State returns sexual predator to state hospital
The notorious sexual predator Leroy Hendricks has been forced out of Leavenworth County.
Early last week, Leavenworth County counselor David Van Parys said he had been told Hendricks had been returned to Osawatomie State Hospital.
And Leavenworth County commissioners want to make sure Hendricks stays out of the county.
A hearing has been set in for 10 a.m. July 12 in Leavenworth County District Court to determine whether county officials can prevent a house on Golden Road from being used as a nursing home or a detention center without a special-use permit.
On June 1, the state Department of Social and Rehabilitation Services moved Hendricks, a wheelchair-bound 70-year-old sexual predator, into a home at 24130 Golden Road. The house is about five miles west of Linwood, just south of Kansas Highway 32.
Lawrence residents Rick and Linda Whitson had purchased the property on May 27, planning to keep Hendricks, and possibly in the future, several other men like him, under 24-hour surveillance. The state was going to pay $278,000 to house and guard Hendricks for a 15-month period.
Last Monday, Leavenworth County Commissioner Dean Oroke expressed anger about how Hendricks was moved into the county without the county’s prior knowledge.
“I don’t feel that Leavenworth County should become the dumping ground of SRS, and I’m not happy that we, the county, were not informed of it,” Oroke said.
Hendricks, who is working his way through the state’s sexual predator program, completed the first five stages of treatment at Larned State Hospital, where he lived from 1994 until this spring, when he was moved to Osawatomie State Hospital in preparation for a transfer to a private detention center, such as what the Whitsons attempted to establish at the Golden Road house. This would have been the sixth stage of Hendricks’ treatment in the sexual predator treatment program. This is a transition release phase where he would have started to have contact with the community.
Hendricks has been widely quoted as saying the only way he would stop molesting children would be if he died.

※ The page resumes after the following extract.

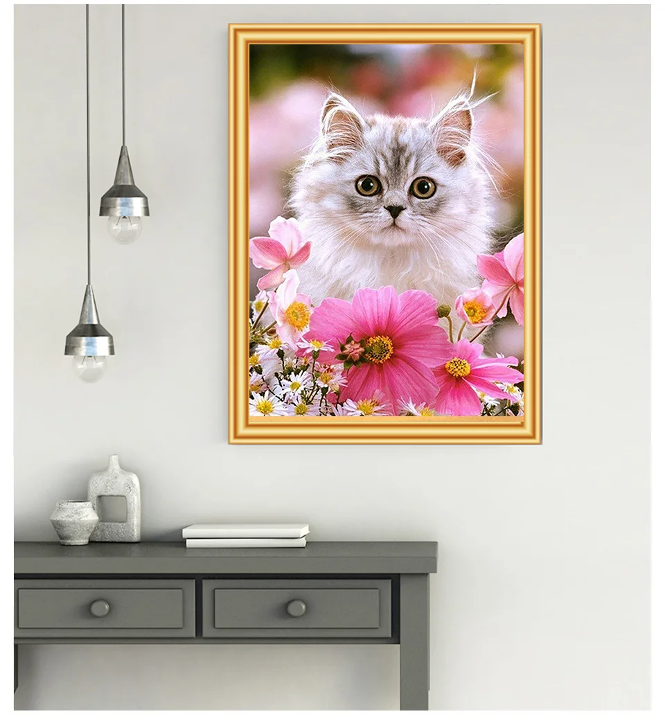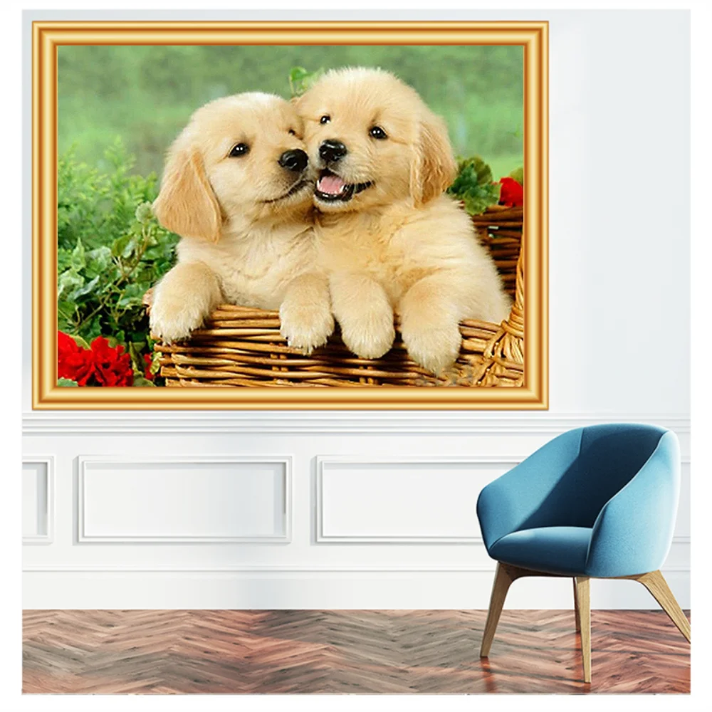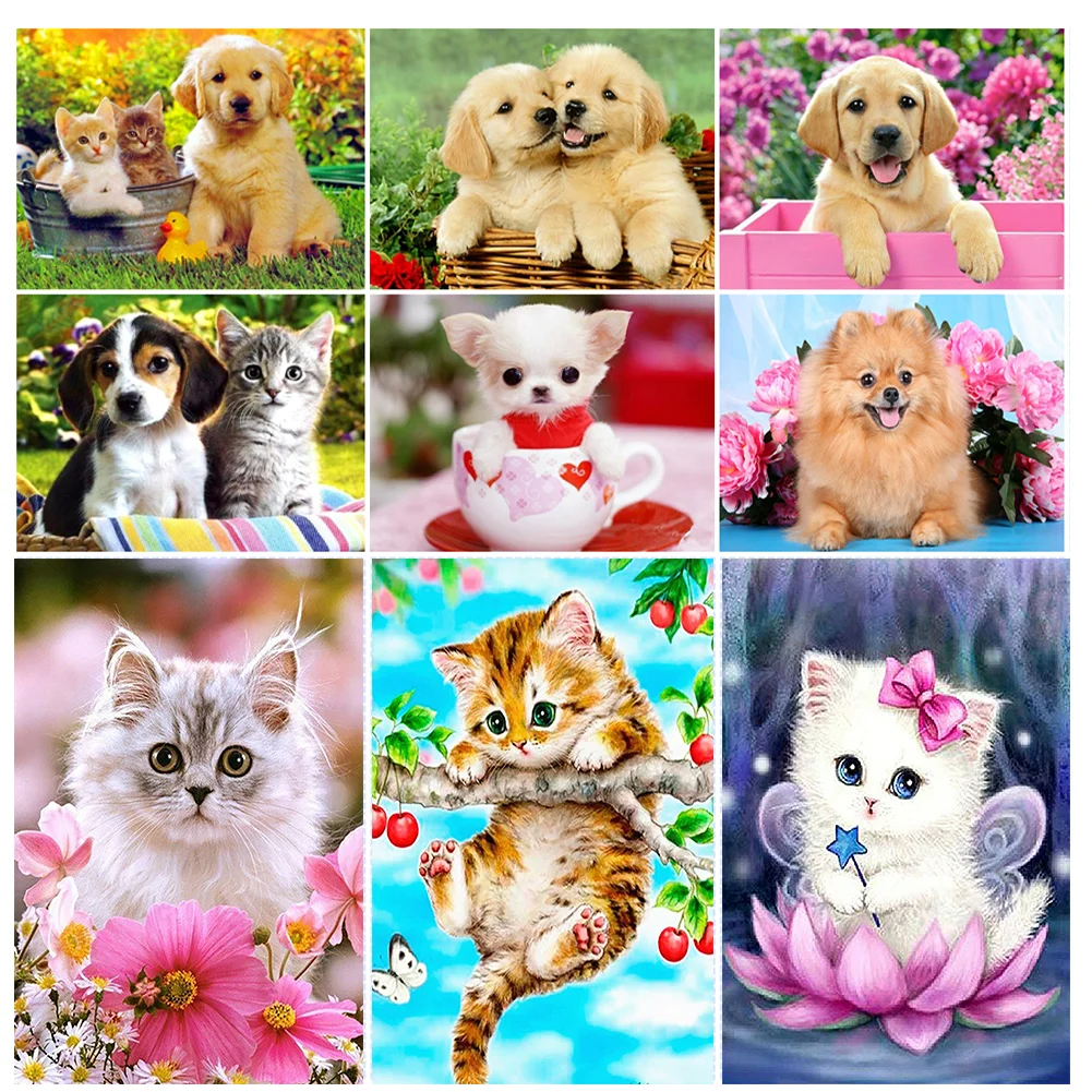 Картина из страз сделай сам с изображением животных, милая собака, кошка, полная круглая вышивка из страз, домашний декор для стен, подарок

In April, SRS had announced plans to move Hendricks into a home in Lawrence where he would be under constant surveillance, but citizens protested, garnering about 4,500 signatures on a petition.
On June 1, SRS officials informed Leavenworth County Sheriff Dave Zoellner that Hendricks would be moved into southern Leavenworth County that day.
County commissioners were outraged SRS had moved the state’s most notorious sexual predator into the county. They directed Van Parys to seek a temporary injunction to prevent the house on Golden Road from being used as a nursing home or a detention facility. He was successful.
The July court hearing is to determine whether the injunction should become permanent. If the judge issues a permanent injunction, a special-use permit would be required to house Hendricks on Golden Road.
And the three-member Leavenworth County Commission decides whether to issue such permits.